Путь третий — по касательной: врачевать не тела, но души. Журналист, писатель, художник, серый кардинал, литературный мандарин, археолог? Все лучше, чем дорогие панели на стенах моего докторского кабинета для богатых, чем славная и обеспеченная безликость моей врачебной миссии, на моей фешенебельной улице, в моем министерском кресле…
Естественно, мой путь — по медиане. И долгие, бесконечно долгие века подспудного недовольства собой, внутреннего кипения, то разъедающего изнутри, то выплескивающегося ядом, то загнанного вглубь — но никогда не унимавшегося.
Когда он впервые пришел ко мне на прием, передо мной замаячило спасение. Все, чего я не имел, будучи слишком, до мозга костей буржуа, чтобы чем-то поступиться, он подарил мне одним своим молчаливым согласием лечиться у меня и продолжал дарить — просто регулярными посещениями моей приемной, банальной покладистостью добросовестного пациента. Позже он сделал мне еще один щедрый подарок: удостоил меня беседы; мне открылись миры, о существовании которых я даже не подозревал, и все, чего моя душа с давних пор так пламенно жаждала и отчаялась когда-нибудь достичь, я проживал благодаря ему, через него.

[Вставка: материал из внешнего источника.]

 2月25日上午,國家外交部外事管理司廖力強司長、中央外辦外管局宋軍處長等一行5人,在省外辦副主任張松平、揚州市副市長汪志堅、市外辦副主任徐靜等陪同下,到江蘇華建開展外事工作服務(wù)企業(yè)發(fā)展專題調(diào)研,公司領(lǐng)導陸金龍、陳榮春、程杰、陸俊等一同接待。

Проживать чужую жизнь: создавать великих поваров и быть их могильщиком, из застолья извлекать слова, фразы, словесные симфонии, быть на трапезах восприемником их ослепительной красоты; стать Мэтром, стать Проводником, стать Богоравным; дотянуться душой до тех сфер, что недосягаемы, проникнуть тайком в лабиринты вдохновения, приблизиться к совершенству, прикоснуться к Гению! Так что же предпочесть? Прожить свою мелкую, жалкую жизнь образцового homo sapiens, без цели, без соли, лишь потому, что силенок не хватило замахнуться повыше? Или, чувствуя себя почти взломщиком, наслаждаться до бесконечности восторгами ближнего своего, того, кто знает, чего хочет, кто уже начал свой крестовый поход, кто видит впереди цель и тем самым приближается к бессмертию?

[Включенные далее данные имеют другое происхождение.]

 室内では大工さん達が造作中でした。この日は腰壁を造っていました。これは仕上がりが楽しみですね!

Потом последовали новые щедроты: его дружба. И его взгляд, устремленный на меня во время наших задушевных бесед, когда я, сгорая в пламени моей страсти к Искусству, был учеником, покровителем и почитателем одновременно, вознаграждал меня сторицей за мою добровольную кабалу. Его дружба! Кто не мечтал о дружбе с Титаном, кто не желал быть на «ты» с Героем, хлопать по плечу вундеркинда, великого Мэтра кулинарных оргий? Его друг! Друг и наперсник, вплоть до привилегии — о, какой драгоценной и мучительной для меня! — сообщить ему о его собственной кончине… Завтра?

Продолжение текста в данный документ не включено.